It was the insomnia that started it. Somehow I became addicted to real-life murder shows. First I got hooked on Serial, a podcast questioning Adnan Syed’s conviction for murdering Hae Min Lee, his former high-school sweetheart. Then I gorged on The Staircase, a documentary asking whether the American author Michael Peterson killed his wife. I followed The Jinx, HBO’s offering about the suspected double-murdering millionaire Robert Durst. Now, along with the rest of the world, I’ve binge-watched Netflix’s Making a Murderer, a show casting doubt on Steven Avery’s murder trial.
This canon of real-crime dramas has become a primetime obsession and a hot topic on social media. Ricky Gervais said MaM deserves a Nobel prize; Kim Kardashian squealed, “It is soooo good”; the supermodel Gigi Hadid started a Twitter storm theorising on it. But while I’m as enthralled as everyone about these shows, I’m also uncomfortable about them.
I have a love-hate relationship with the real-life murder genre, in common with many things I’m attracted to. I find it as appealing as it is repellent. I’ll watch desperately to hear details of the weapon, the motive, the murder scene, then I’ll look away when the images get too graphic. But it’s not only the explicit details I find disturbing, it’s wondering how OK it is to watch someone’s death as entertainment.

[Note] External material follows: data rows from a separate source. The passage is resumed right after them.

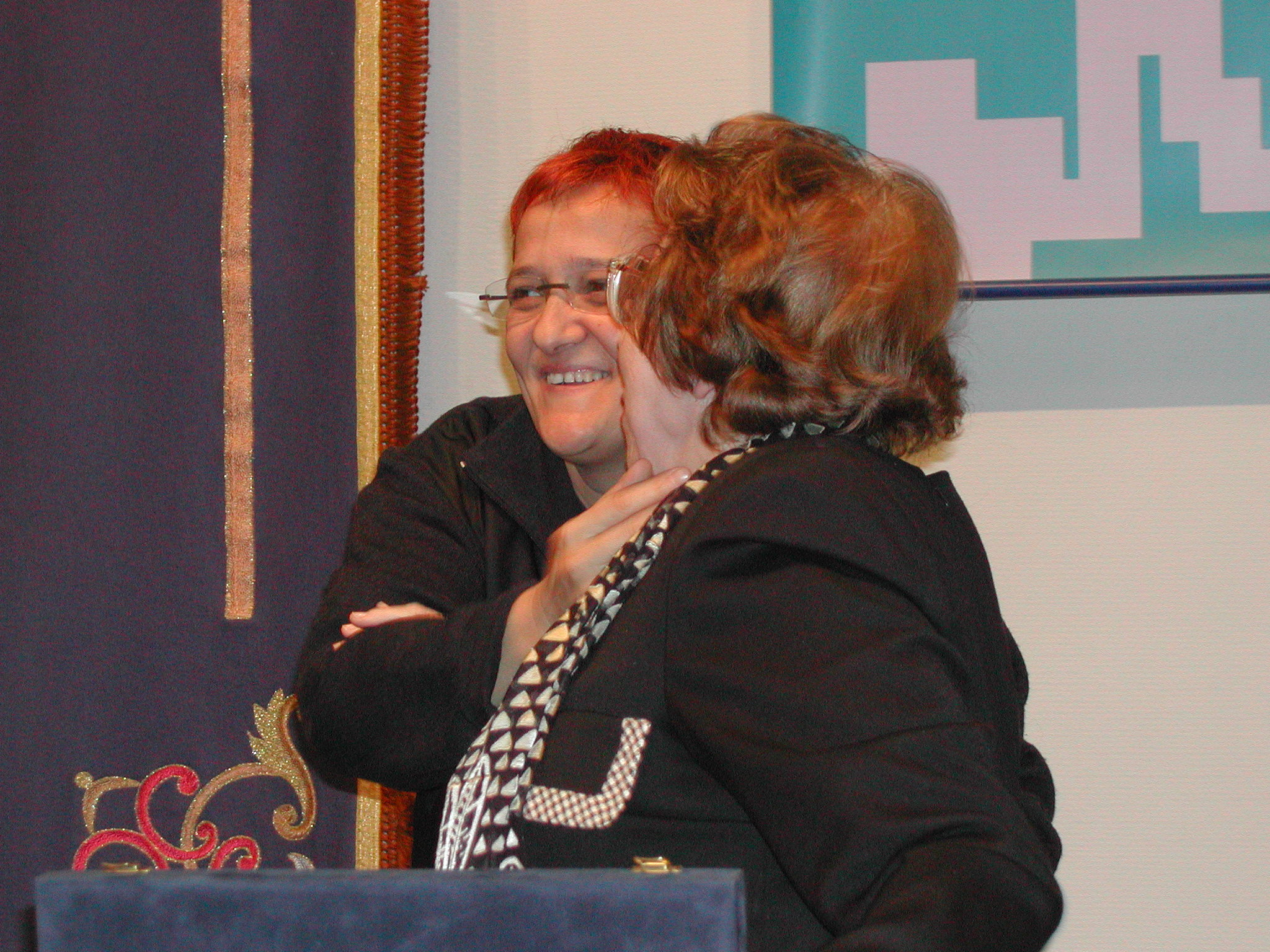 Nombre de archivo :DSCN0062.JPG Tamaño de archivo :776.7 KB (795309 Bytes) Fecha de entrega :2001/11/29 11:08:31 Tamaño de imagen :2048 x 1536 Resolución :300 x 300 ppp Número de bits :canal de 8 bits Atributo Protección :Desactivado Atributo Ocultar :Desactivado ID de la cámara :N/A Cámara :E885 Modo Calidad :NORMAL Modo Medición :Multipatrón Modo Exposición :Automático Programado Speed Light :Sí Distancia Focal :24 mm Velocidad del disparador :1/60.1segundo Abertura :F4.9 Compensación de exposición :0 EV Balance del blanco fijo :Automático Objetivo :Incorporado Modo de sincronización del flash :Cortina Delantera Diferencia de exposición :N/A Programa Flexible :N/A Sensibilidad :Auto Nitidez :Automático Tipo de imagen :Color Modo de color :N/A Ajuste de tonos :N/A Control de saturación :Normal Compensación de tono :Automático Latitud (GPS) :N/A Longitud (GPS) :N/A Altitud (GPS) :N/A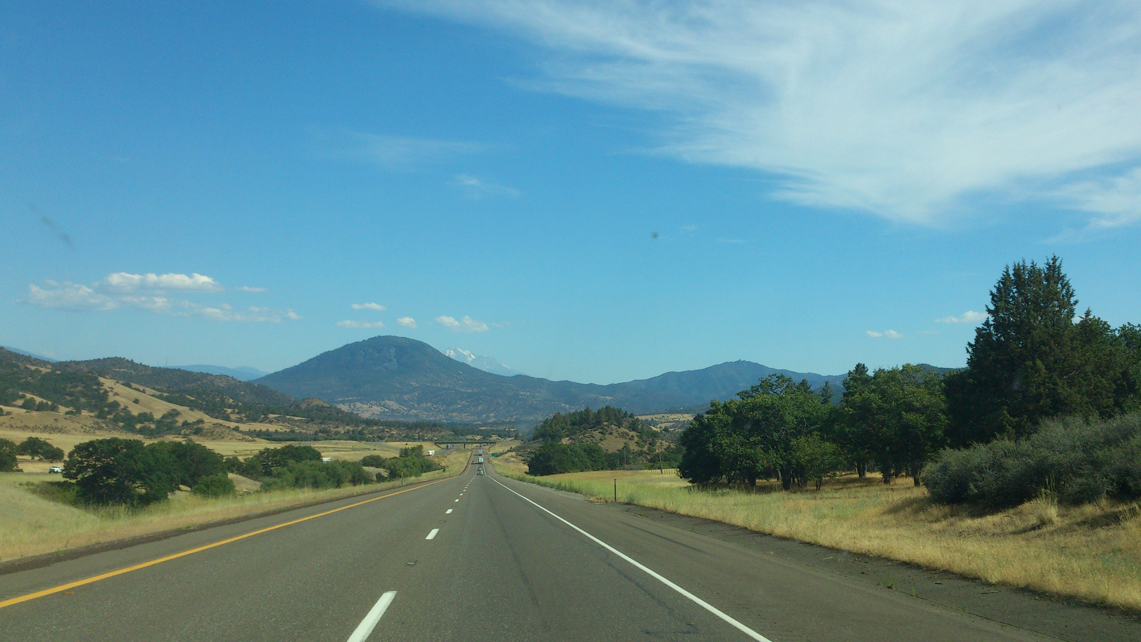 Southbound Interstate 5 in Siskiyou County, California, close to the border with Oregon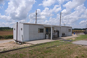 Fulton station visited in July 2013

They watch these shows as if they are tuning in to an episode of The Archers, picking over real tragic deaths as if they are playing a game of Cluedo
Journalists are often accused of intrusion, but I believe it’s important to report on people’s lives. Sometimes that justifies, for example, approaching for interview a family mourning a relative. Still, as someone who has done such “death knocks”, I know how writers and editors worriedly weigh up the importance of such stories and how they are presented. If that balance ever goes wrong, people quite rightly berate a newspaper for it. But this is why I find it so strange — and hypocritical — that the people so quickly and vocally appalled by what they see as any kind of tabloid “intrusion” are often the very same people lapping up these shows.
They watch them as if they are tuning in to nothing more than a titillating episode of The Archers — or playing amateur detectives as they entertain themselves by picking over real tragic deaths as if they are playing a game of Cluedo.